Some other methods used to forecast demand are: delphi method, historical analogy, simple moving average, box Jenkins type, exponential smoothing and regression analysis. Forecasting falls into four basic types: qualitative, time series analysis, casual relationships and simulation. All of the proceeding have pluses, minuses and degrees of accuraccy. I often depends on the precision of previous data. Also, as is often stated in financial prospectuses "past performance does not guarantee future results".
For product one I used base plus trend. The sales started of at 1246 units and gradually increased to 2146 at the end of twenty four months. There was a slight dip in sales between month nine-teen and month twenty three. This drop can from internal or external variables.
Product two was little more tricky. The swing where eratic and showed no detectable trend. I may have been able to use (Base + Trend) * Seasonality if there was not a decrease in sales from month eight and an increase in sales in month sixteen. For this I had to employ the base or simle method.
While I find it hard to comprehend how television sales can be seasonal, products three, five and six fall under (Base + Trend) * Seasonality models. I was able to replicate the wave in demand with my forecast. Perhaps consumers are buying portable televisions to use at the beach while on vacation, or people are replacing there old televisions to watch the Superbowl championship game or world series. Or maybe even watch the Syracuse Orangemen in the NCAA college basketball championship!
Conceivably, I was reading to much into product six when a decided on base plus trend model. The way I saw it was that none of the upward or downward where that substantial when compared with entire data, and sales from month one (521 units) decreased by almost fifty percent to 242 units.
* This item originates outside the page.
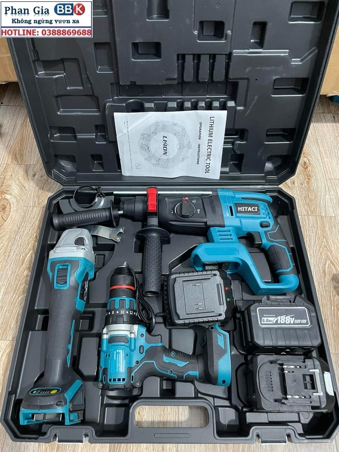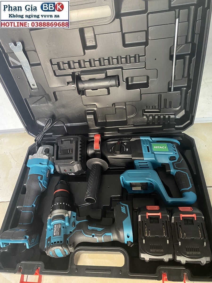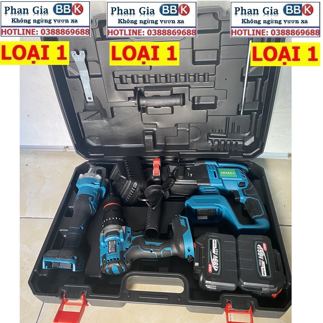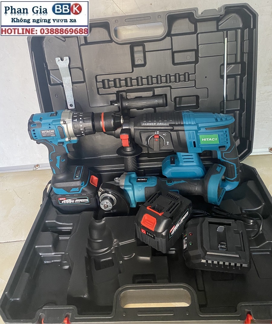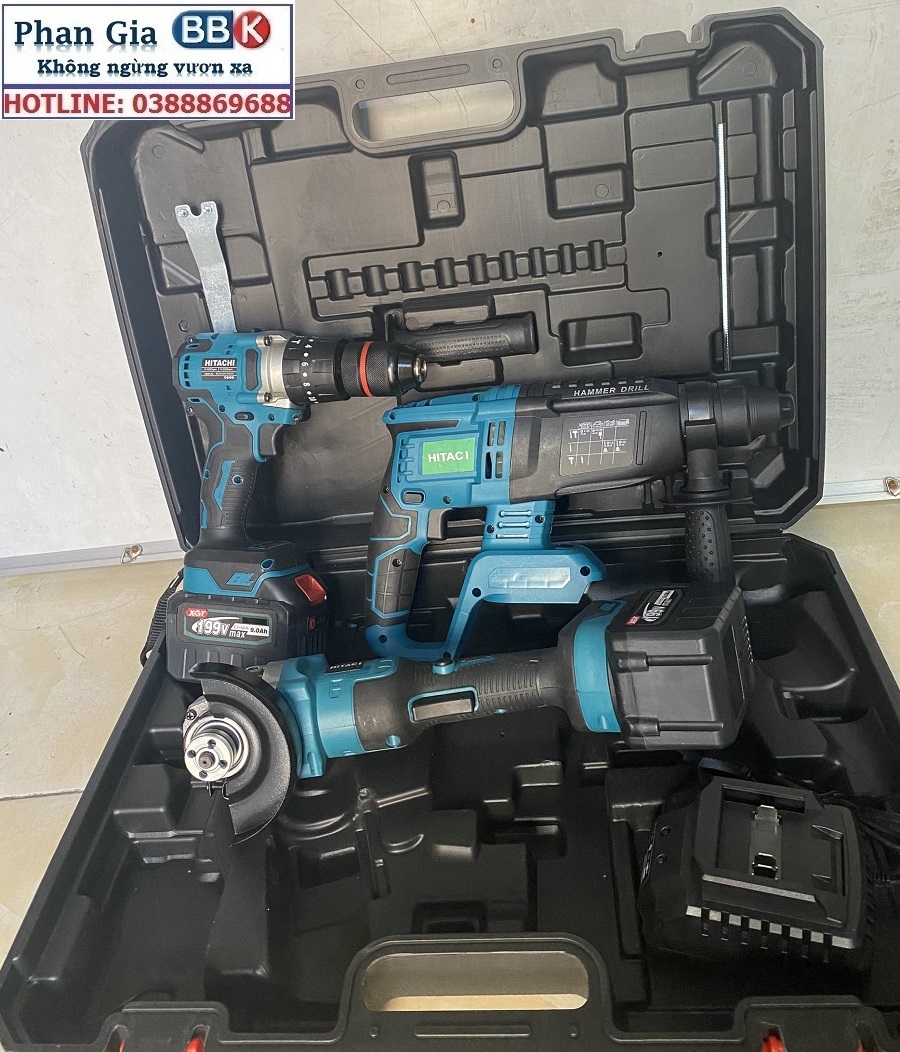 Bộ Combo Máy Khoan Đục Bê Tông, Máy Mài Và Máy Khoan Pin Dùng Pin 199V, 2 Pin 15Cell, Máy Khoan Siêu Khỏe, Siêu Bền (Tặng Hộp Đựng)

I felt the same way about product eight that I felt about product two, this product demostrated eratic swings in no particular trend. I forecasted demand using the base or simlple method for this product.
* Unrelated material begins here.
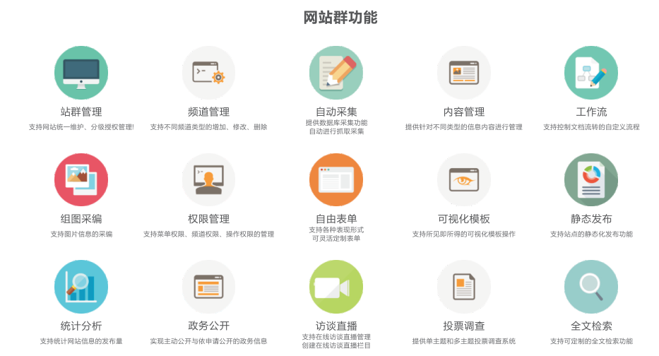全媒体网站群解决方案 新媒体时代,您需要更好的网站群内容管理解决方案,适用于政府、企业、教育、媒体、金融等各类行业网站群、内外网门户建设。主要解决现阶段面临的信息传播方式多,信息录入需要多次重复录入,管理平台不统一的核心问题。覆盖电脑、微信、微网、手机、移动客户端多种渠道。提供统一管理,一次录入,多屏、多终端、多渠道发布。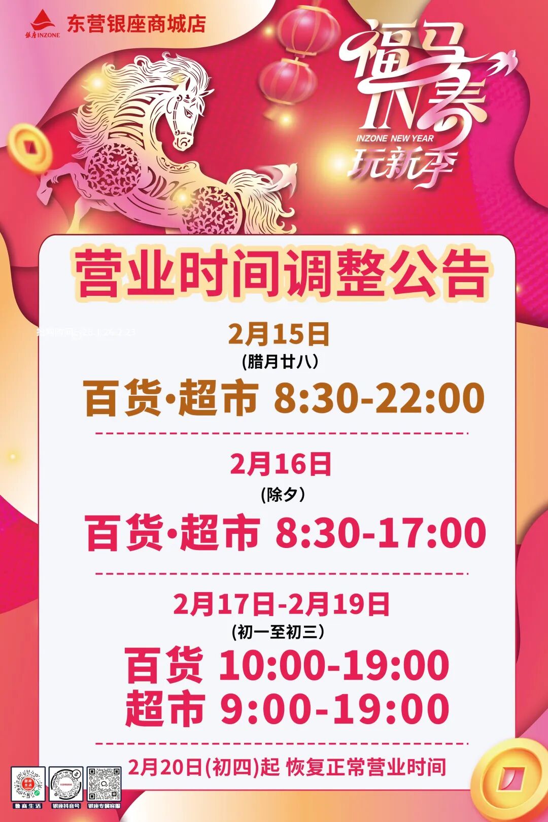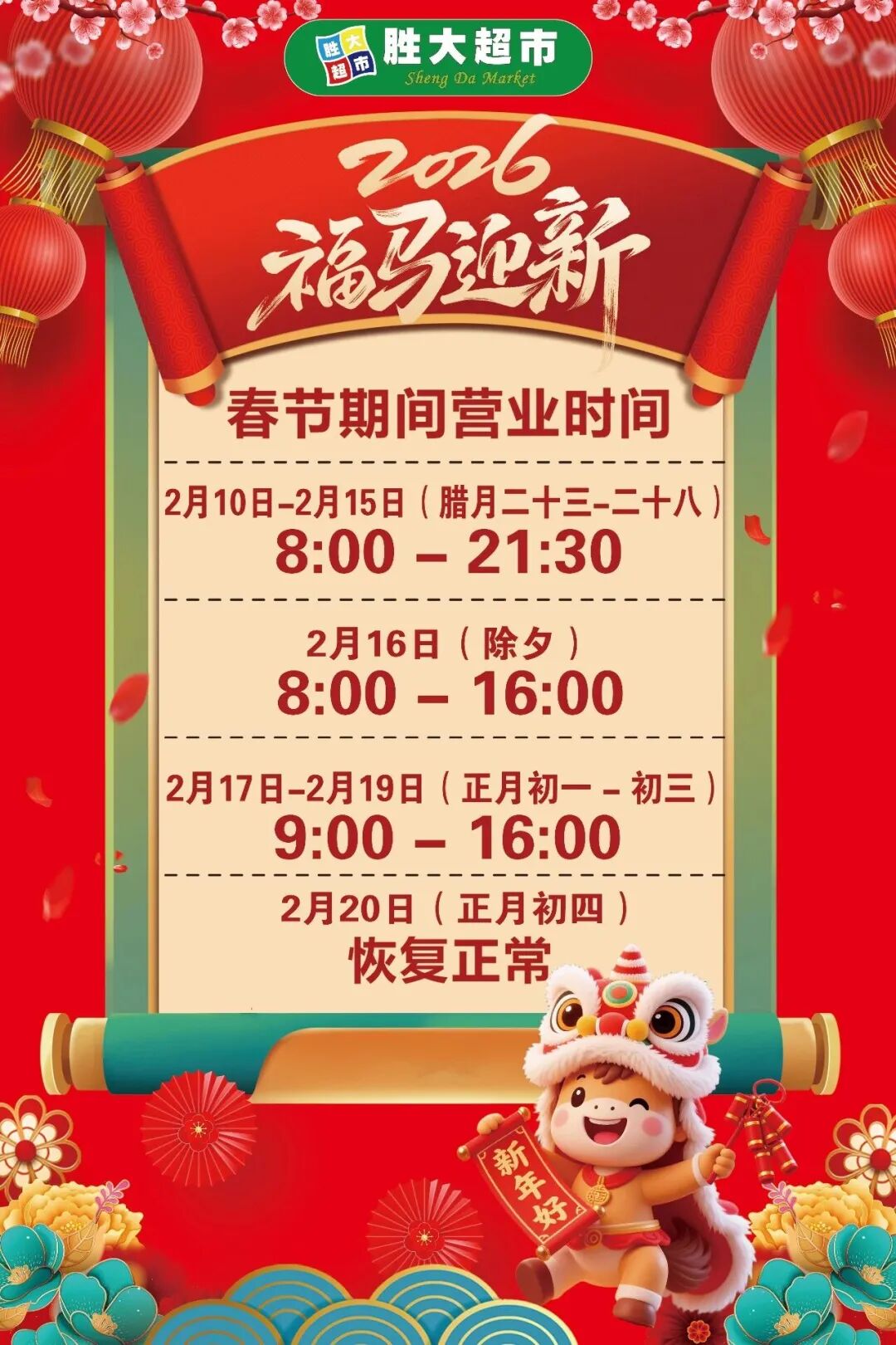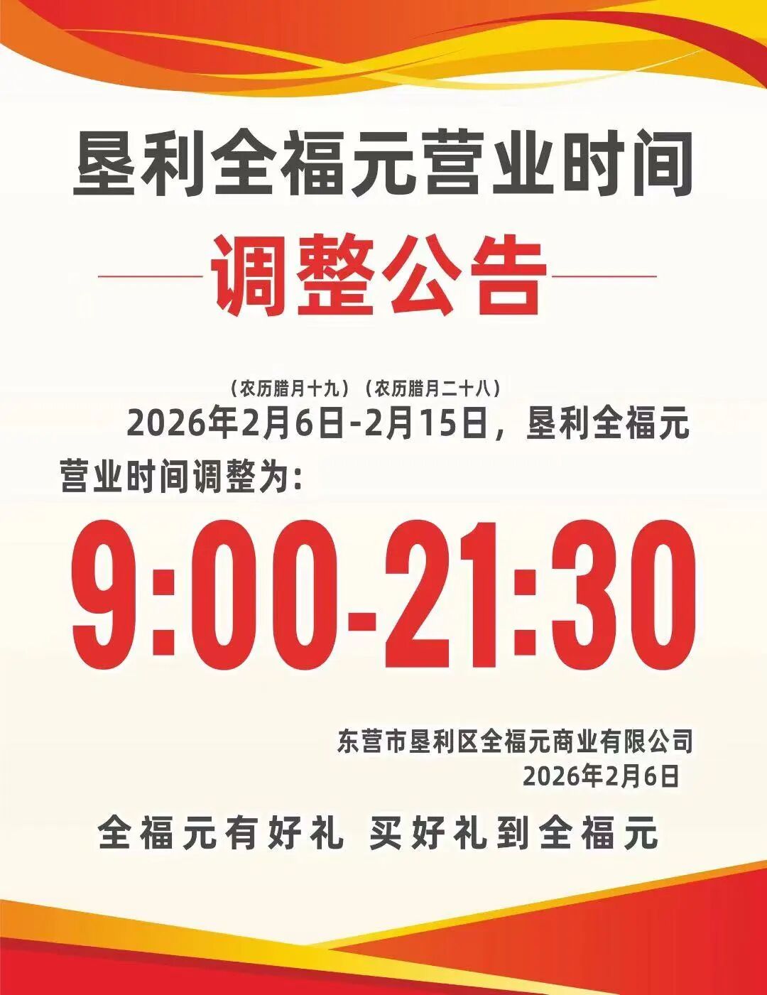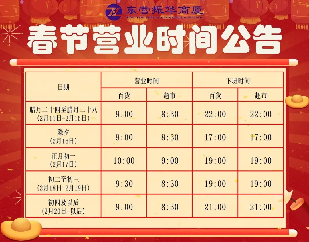 春节营业时间

From this point I was able to forecast demand. For the safety stock decision I always tried to error on the side of caution. On average I used a twenty five percent safety stock level. However, when calculating the MRP or labor plans I tried
to have the minimal amount of surplus. This often means that I only had safety stock on hand from period to period.
From this project and from the class lectures I have received an understanding of how how much planning goes into even the most simplest of manufactured goods. Production managers must employ at least one type of forecasting method in order to avoid the everyday stock outs, late deliveries and labor problems that arise. Forecasts are vital to every business organization and for every significant management decision.
I feel that I could have further reduced costs by reducing some of the parts, sub assemblies and outsourcing some of the production. Another situation that I felt was unrealistic was that there was only one source for each part and when that part was unvailable, there was a stock out. Perhaps in future projects there can be allowance for this.